Political and military figure of Taiwan

Dong Yanping (1896 – November 5, 1976) was a political and military figure of Taiwan. His original name was Zhifang, and his courtesy name was Peiqing. He was a native of Horqin Right Front Banner in Inner Mongolia (now part of Taonan City, Jilin Province).

== Biography ==
In the spring of 1918, Dong Yanping went to Japan to study. In 1921, he earned a bachelor's degree in law from Meiji University. After returning to the Republic of China, he enrolled at the Northeast Military Academy and graduated in 1925. In the winter of 1927, he went back to Japan to study at the Army War College and graduated in 1930. Upon returning to China, he was appointed Military Secretary at the Headquarters of the Commander-in-Chief of the Northeast Frontier Defense Army.

In November 1931, he became Chief of Staff at the Tianjin Martial Law Command and later served as Chief of Staff of the 105th Division.
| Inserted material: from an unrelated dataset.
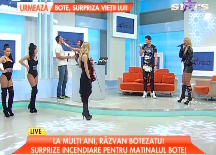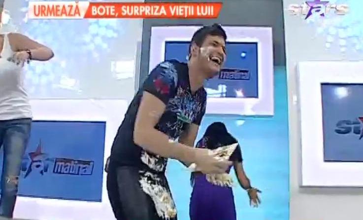 După ce aproape i-au dat lacrimile ascultând-o pe mama sa, Bote a avut parte de numeroase surprize din partea colegilor de platou. Toată lumea i-a cântat "La mulţi ani" simpaticului prezentator: colegii de la "Acces Direct", "Un show păcăros" şi "Antena Stars". Însă, în platou, lucrurile au scăpat de sub control, Raluca i-a pus tortul în braţe, iar lucrurile au scăpat de sub control.

In the autumn of 1935, he was promoted to Major General and commanded the 1st Brigade of the 105th Division. In 1937, he was appointed Deputy Commander of the 49th Army. Following the outbreak of the Second Sino-Japanese War, he participated in the Battle of Cangzhou and the Battle of Shanghai. He later held positions as Director of the Military Training Inspection Office and Head of the Military Training Department, before being transferred to serve as Chief of Staff of the 11th Group Army Headquarters.In August 1945, he was appointed Deputy Chief of Staff of the Northeast Headquarters of the Military Affairs Commission and concurrently served as Head of the Chinese Military Mission to the Soviet Union. In the winter of 1946, he served as a delegate to the National Constituent Assembly. In the winter of 1947, he was elected as a delegate to the National Assembly. In February 1948, he became Chairman of the Andong Provincial Government and, in May of the same year, a member of the Political Affairs Committee of the Northeast Headquarters.
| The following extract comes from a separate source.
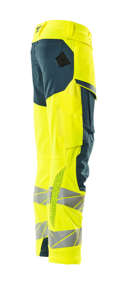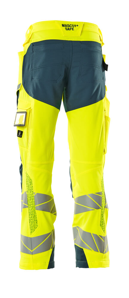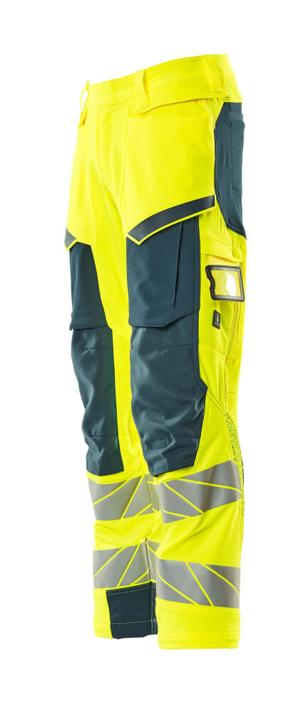 Tissu fluorescent avec bandes rétroréfléchissantes. Offre une finition hydrofuge. Bicolore. Tissu ultimate stretch de poids léger et résistant. Coutures doubles sur les jambes et dans l'entrejambe. Fermeture bouton dissimulée. Jambes ergonomiques. Passants de ceinture. Braguette zippée. Poches latérales. Poches arrière renforcées. Patte-marteau cachée du côté droit. Compatible avec les poches flottantes 19450-126, qui se fixent par boutons. Poche mètre pliant renforcée en Kevlar®. Poches à rabat à l'avant des cuisses. Poches genouillères réglables en CORDURA® particulièrement solides (1000 D). Réglage facile de la hauteur de la poche genouillère. Poche cuisse avec poche pour téléphone doublée, bouton-pression caché et porte-badge intégré. Porte-badge amovible. Zip de ventilation vertical à l'arrière des cuisses. Avec effets d'impression. Longueur d'entrejambe pouvant être rallongée de 3 cm en défaisant la couture rouge à l'intérieur vers le pied. Double certification compatible avec le modèle de genouillères large selon la norme EN 14404-3.

As the Kuomintang (KMT) suffered defeats during the Chinese Civil War, Dong Yanping fled to Taiwan, where he retained his position as a National Assembly delegate. He later served as Director of the Northeast Research Institute under the Academia Sinica. He also held posts as Deputy Secretary-General of the KMT Central Policy Committee and as an advisor on party affairs. Dong Yanping passed away in Taipei on November 5, 1976, at the age of 80.